Even deeper, though, was the feeling of unity I had felt my first week in Germany, most evident at the various kitchen tables of the siblings of the Söder family as I “broke bread” with them in my broken German. The unity of German family life was impressed upon me when Miriam simply celebrated her 16th birthday amongst her extended family in the town where she, too, had grown up; any American girl celebrating her “sweet sixteen” would normally want a party with a host of her friends, unburdened by as few “un-cool” relatives as possible, and most definitely would not want to spend any part of it driving to the airport to pick up a priest from a foreign country!

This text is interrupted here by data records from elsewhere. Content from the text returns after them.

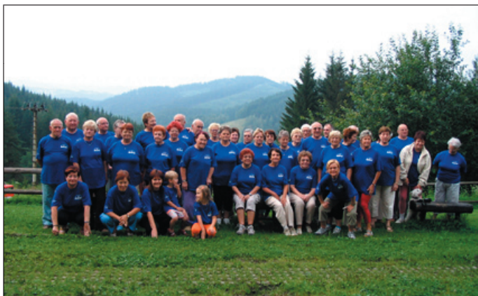
účastníci aktivizačního pobytu - „v našich tričkách“
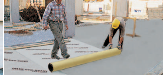
A drénezendő felület lejtése 2 - 3 %.
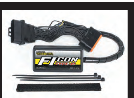
Hyper S-Stageボアアップキット付属 FIコン TYPE-e(インジェクションコントローラー)
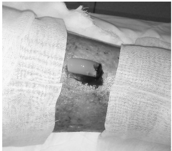
Рис. 2 — Обогащенный тромбоцитами фибрин, уложенный на раневую поверхность

Первые опубликованные исследования, проведенные in vitro , демонстрировали способность БоТП стимулировать пролиферацию целого ряда клеток: остеобластов [8], фибробластов [15], мезенхимальных стволовых клеток костного мозга [18], хондроцитов [4] и других. В то же время, были получены и противоположные результаты [6]. Скорее всего, это связано со значительным количеством способов получения БоТП, что, в свою очередь, может приводить к различным конечным продуктам. Положительный эффект, оказываемый на дифференциров-
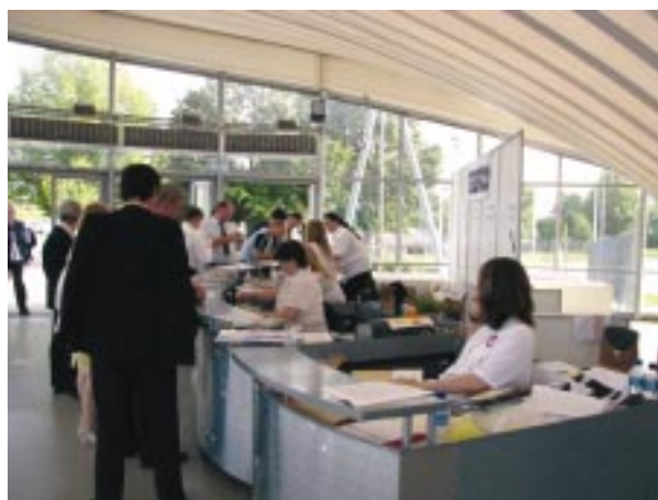
Munkában a recepció

This was no return to Eden, however. I also saw how difficult unity can be to achieve and how easily it can get lost in a sinful world. There were minor conflicts in our small groups over where to go, what to do, and how to find edible “real American” food! Several times, I felt embarrassed by the boisterous singing by our group, wondering if other pilgrims might be put off by us “loud Americans”; and on one occasion I did my best to apologize to the wait staff at our hotel for one young man who was so loud and obnoxious that the waitress thought he was choking or having a seizure at the dinner table! And unity seemed almost oblivious to those frustrated pilgrims we saw pulling others off of the shuttle from the Marienfeld to make space for themselves after the closing Eucharist. After being formed into the mystical body of Christ sacramentally through the sharing of the one loaf, they had such selfish disregard for human dignity, as if Christ’s body had a cancer attacking itself.

With a day to reflect on all that had transpired, our group visited the cathedral in Brussels. It was there that I was moved to a new devotion to Saint Matthias, that one of the Twelve who replaced Judas. When in Houston, I noticed how much shortshrift the Twelve receive in church architecture, particularly the person of Matthias. Specifically, the church of Saint Therese of Lisieux by Memorial Park in Houston had twelve stainedglass windows depicting the “Twelve.” However, was Matthias represented? No, rather, it was the Eleven and Saint Paul. The cathedral in Brussels, however, showed me that this theological oddity goes back centuries—for there, in larger-than-life statues, were twelve of the apostles—also, the Eleven and Saint Paul. Saint Matthias, about whom we know very little save that he followed Jesus from the very beginning and witnessed the resurrected Christ, has seemed to fade into the obscurity from whence he came.


Father Christopher bumps into the youth of Saint Paul’s Church from Houston, Texas

So, on the plane ride back, I was struck by a desire to “try out” a new devotion to Saint Matthias; his absence in church architecture bespeaks of our loss of the symbol of the Eleven wanting to continue in that unity that Jesus brought to them in his ministry. As the plane landed in Boston, I could look out and see the blue sky dotted with clouds. The dark cloud of mourning the death of Edmund Söder under which I began this journey seemed to turn up a silver lining that was more silver and blue— for the clouds formed such an orderly checkered pattern against the blue sky of the summer evening that I thought I was seeing the Bavarian flag!! This flag, as Michael told me, symbolized the best weather for Bavarians—blue sky dotted with white clouds. And the skyline over Boston seemed to be “waving a flag” of reminiscence to let me know that I was bringing back more from Germany than I had taken with me. Allow me to simply close in prayer now as I did then:

Saint Matthias, pray for us, that we may be one, as our God is one, as you and the Eleven and the whole communion of saints are one. “Vielen Dank für den weißen und blauen Himmel, Edmund.” (Many thanks for the white and blue sky, Edmund.)

Oh, as to my initial musings— what is a pilgrimage all about—all I can conclude is this: the point of a pilgrimage is simply to take one.